G.F.: It’s not that wine doesn’t work with these dishes, it’s just perhaps that the marriage between the wine and the dish could be improved. You’re basically asking someone to risk their perfect night in with a strange wine, it’s a big ask, but I truly believe it will pay off if they take a leap of faith with some of these pairings.

L.B.Z.: Talk me through the chicken curry and orange wine pairing…

G.F.: In London particularly, natural wine is having a real moment. This chicken curry in this instance was coming from a Caribbean restaurant where the flavors are going to be huge. With wine you pair like with like a lot of the time, rather than opposites and orange wines are known for their boldness.

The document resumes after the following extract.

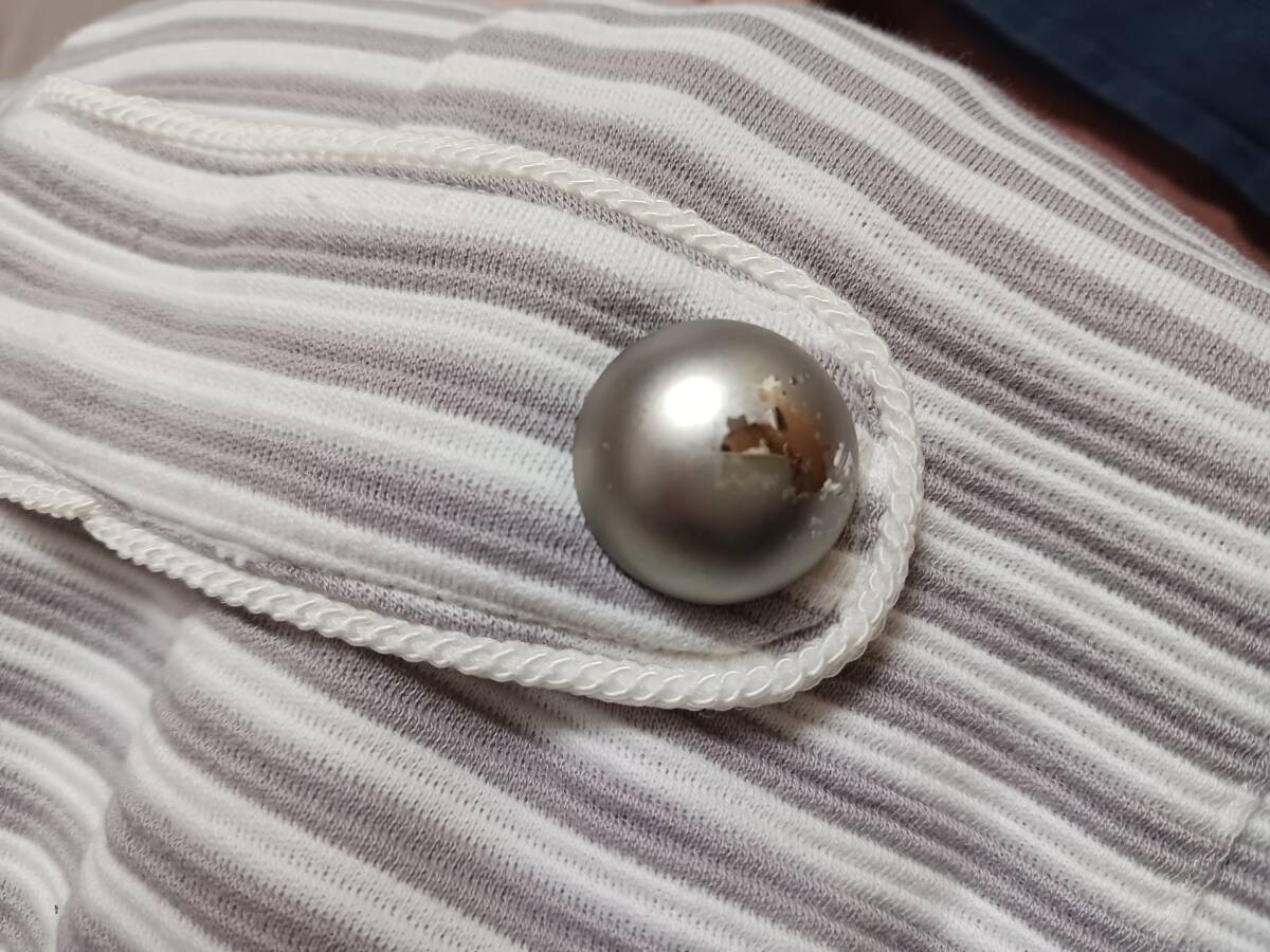 後ろ身頃にあるボタンの片方が画像のように艶消し加工がはがれています事をご了承下さい。。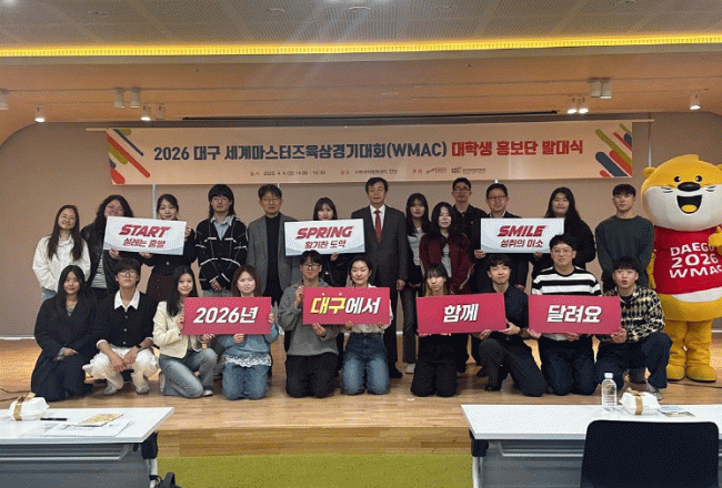 [NWS¹æ¼Û=Çѽ¸ñ ±âÀÚ] 2026 ´ë±¸¼¼°è¸¶½ºÅÍÁî À°»ó°æ±â´ëȸ Á¶Á÷À§¿øÈ¸¿Í ´ë±¸±¹Á¦°³¹ßÇù·Â¼¾ÅÍ´Â 4¿ù 4ÀÏ ¿ÀÈÄ 2½Ã Áö¿ª´ëÇÐÇù·Â¼¾ÅÍ(Áß±¸ ¼­¼º·Î20±æ 25)¿¡¼­ ´ëÇлý È«º¸´ÜÀÇ °ø½Ä Ãâ¹üÀ» ¾Ë¸®°í º»°ÝÀûÀΠȰµ¿¿¡ µ¹ÀÔÇß´Ù. 2026 ´ë¡¦

L.B.Z.: How is a pairing like hot wings with a Kabinett impacted by the sauce that might be on the wings?

G.F.: If anything can stand up to a hot sauce on some wings it’s a Riesling Kabinett. The sweetness of the wine will turn down the heat and make the whole experience more enjoyable for you and your tongue.

L.B.Z.: Who came up with cookie dough and demi-sec pairing? It is over the top…

G.F.: Guilty. I just think if you’re tucking into a tub of cookie dough ice cream the irony of having some demi-sec on the side will elevate the occasion and make you feel all fancy.

L.B.Z.: Do you think the folks in Champagne will be offended by the chicken burger and Champagne pairing? And why should they perhaps not be (as it might help their sales)?

G.F.: That’s a good question. Maybe, but it’s almost quite fun to annoy the folks over in Champagne occasionally isn’t it? I think they secretly enjoy the angst we give them, and Champagne just loves carbs so lends itself so well to all things fast-food really.

L.B.Z.: Have you come up with any standard rules about types of cuisine (Indian, Chinese) and food pairings? Or types of sauces?

G.F.: Yes, I think very much stick to the like for like rule. So, when it comes to Indian food where there’s lots of spice go for more off-dry styles. Same with Chinese, you’re looking to compliment the flavors rather than compete with them.  

L.B.Z.: Do you plan to do more of these?

G.F.: I have really enjoyed working with Tastecard and I absolutely love the chart they’ve put together; it was certainly well received on my blog. As a whole, I’m always championing lesser-known wines and encouraging people to be a bit braver. You know, there is no better feeling that getting a message from someone with a photo of a wine you’ve recommended saying they’ve really enjoyed it.